The U.S. health care system is far and away the most expensive in the world. And there is a fast-rising demand for workers in the field. So, it seems reasonable to conclude that all critical health care jobs pay good wages.
Sue Williams-Ward knows better.
Williams-Ward has spent nearly 30 years as a home care worker in Indiana. For every client she helps bathe, use the bathroom, and take their medication, she serves as the last line of defense in their quest to live in their preferred surroundings. Williams-Ward loves talking about helping clients regain independence and re-establish their ties in the community. She takes clients who are interested to a weekly Bible study, and she pulls others together into a choir that sings in area churches.
“Every client I have needs somebody in their life,” she says. “I do it because I care. You know I don’t do it because of the money. Because the pay is ridiculous.”
For the two million home care workers in the U.S. like Williams-Ward, that pay averages just over $11 per hour, well below a poverty wage in most communities. More than half of home care workers are paid so little they have to rely on public assistance.
Helping clients in and out of bed and navigating the tasks of getting dressed and cleaned up is often hard labor. Williams-Ward recently suffered a back injury on the job and had to stop taking clients who need lifting. But few employers in the field offer health insurance, and the low wages often mean workers are unable to afford the premiums and deductibles that sometimes accompany health care available under the Affordable Care Act. Nearly 9 of every 10 home care workers don’t get sick days or paid time off. This means that those who provide hands-on care for others often go without care themselves.
Viewed in purely economic terms, this struggle is puzzling. The baby boomer generation is reaching senior status, and the vast majority of Americans prefer to “age in place” rather than move to a nursing home. Home care is far less expensive than institutional care. So, amid all of the hand-wringing about automation replacing U.S. workers, there is a huge demand for real, live humans to provide home care. The Bureau of Labor Statistics ranks it the third fastest-growing occupation in the country.
The lesson from Economics 101 is clear: rising demand and scarcity of workers should be leading to higher wages. But, when it comes to home care workers, the market’s invisible hand is shackled by some of our nation’s ugliest and most enduring flaws. Home care workers are predominately persons of color, the vast majority are women, and many are immigrants. Overall, women of color earn less than 60 cents for every dollar white men make. When those women go to work caring for our must vulnerable family members, race and gender pay disparities are on full display.
So is the legacy of slavery. Southern congressmen ensured that the National Labor Relations Act of 1935 and the Fair Labor Standards Act of 1938 excluded the African-American farmworkers and domestic workers that white southern property owners relied on. That put union organizing off limits for those workers, along with minimum wage and overtime protections.
Eighty years later, these workers have still not caught up. Changes to the law in the 1970s and during the Obama administration extended wage protections to some home care workers, but others that could be categorized as “companions” are still left out. Many home care workers are not protected by the anti-discrimination provisions of the federal Civil Rights Act, because it does not cover employees unless their workplace includes less than 15 employees.
Yet, some Americans do make a healthy profit from home health care. “The companies are getting plenty of money for doing very little, but those of us who are providing the care aren’t,” Williams-Ward says.
Indeed, most home care workers are employed by agencies, some of which siphon off as much as half of what the client or government is paying. Government under-funding of home care is a factor as well. Medicaid is the top payer of home care services, but the rates set at the state level are almost always too low to provide living wages.
The Service Employees International Union (SEIU), National Domestic Workers Alliance, and other advocates are working to change this.

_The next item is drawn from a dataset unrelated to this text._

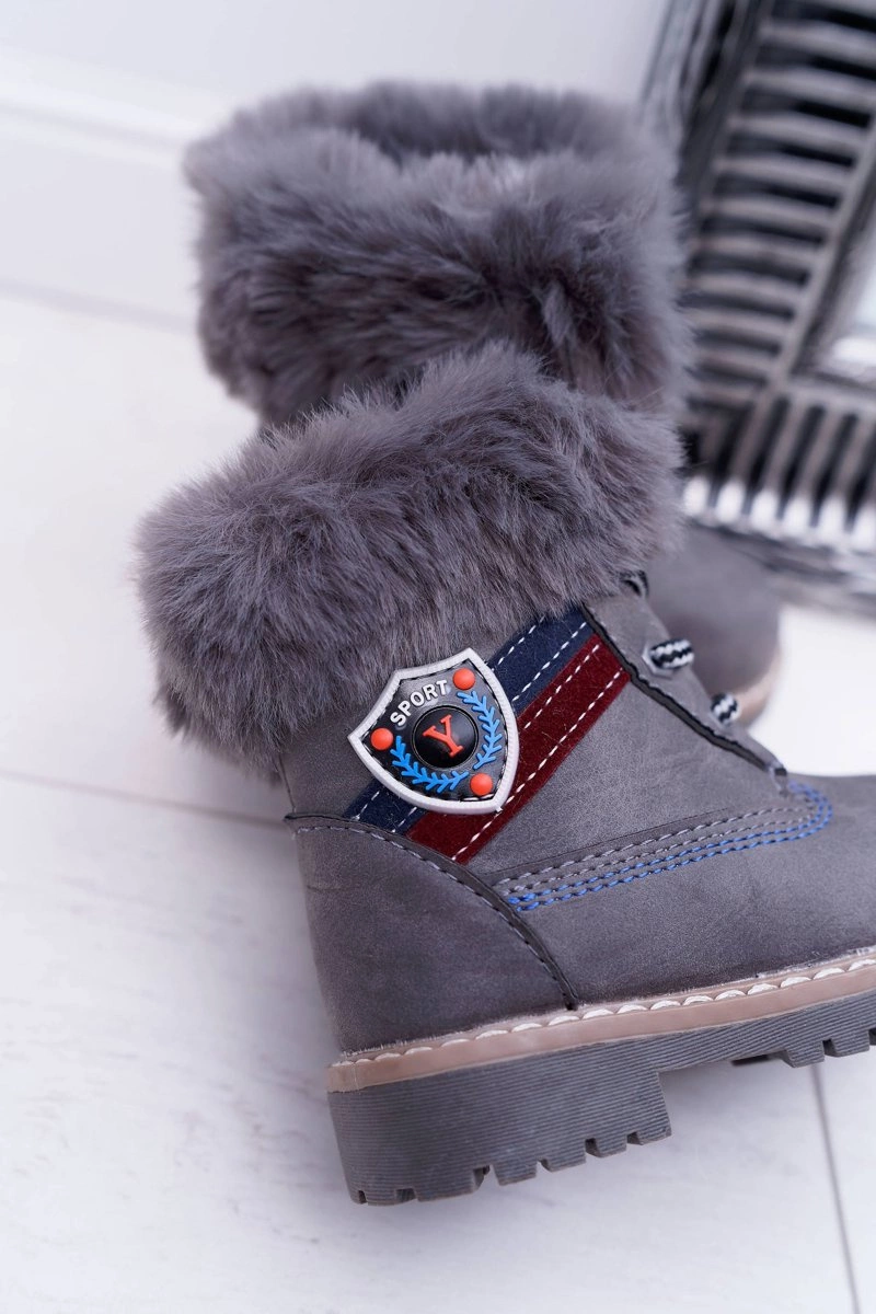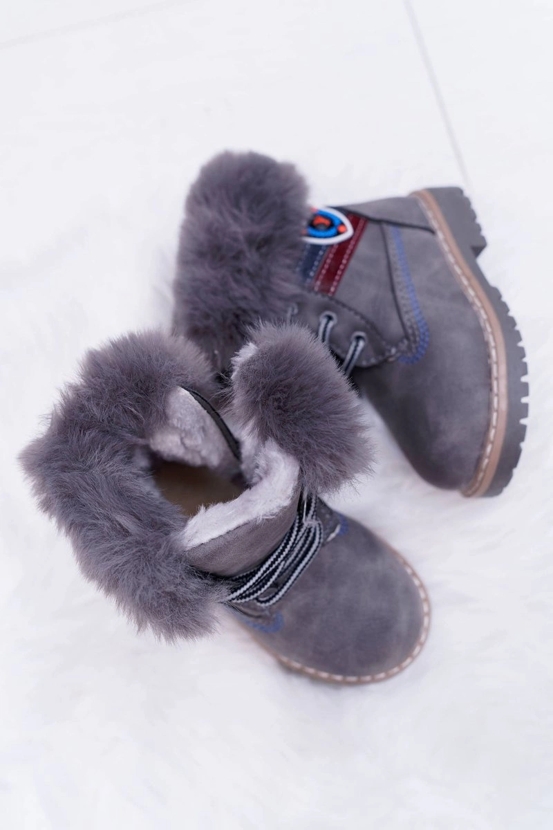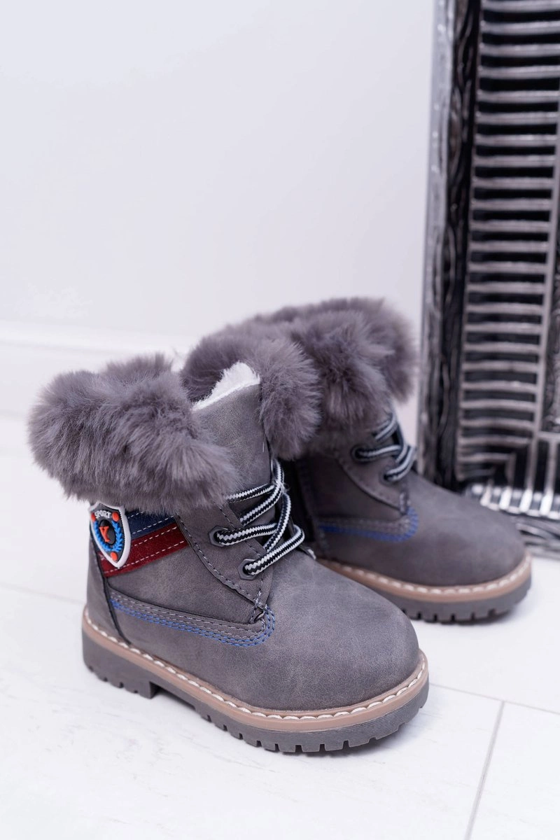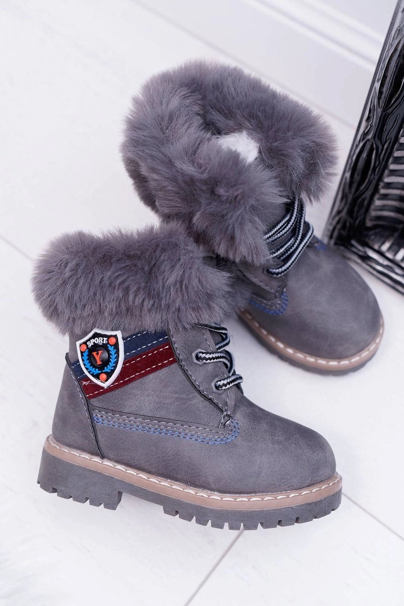 Dziecięce Chłopięce Botki Ocieplane Futerkiem Trapery Szare Cobi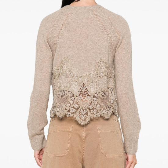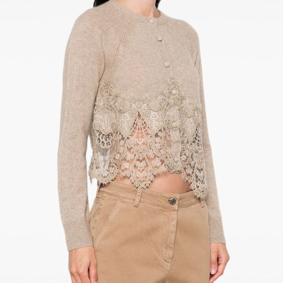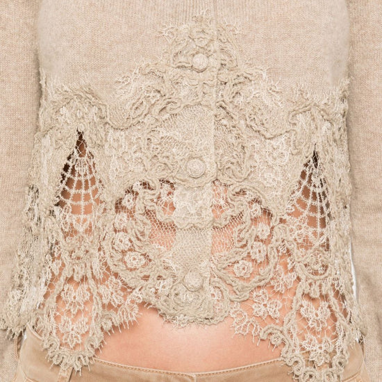 round neck lace cashmere cardigan

Williams-Ward is a member of SEIU, which pushes for higher Medicaid reimbursement rates and a guarantee that most of those fees goes to workers. Home care workers have become leaders in the SEIU-backed Fight for 15 movement for a $15 minimum wage and union rights. Earlier this year, Rep. Pramila Jayapal (D-Wash.) and Sen. Kamala Harris (D-Calif.) introduced the Domestic Workers Bill of Rights Act, a guarantee of federal workplace protection, overtime pay, and paid sick days. Nine states have passed a similar law.
A paycheck that represents a living wage, along with protection from danger and discrimination on the job, are not too much for home care workers to ask for, says Williams-Ward.
“We are taking care of people’s loved ones,” she says. “They prefer to be at home, and our care is necessary for them to stay there. We give our all for our clients, and we deserve to be treated well, too.”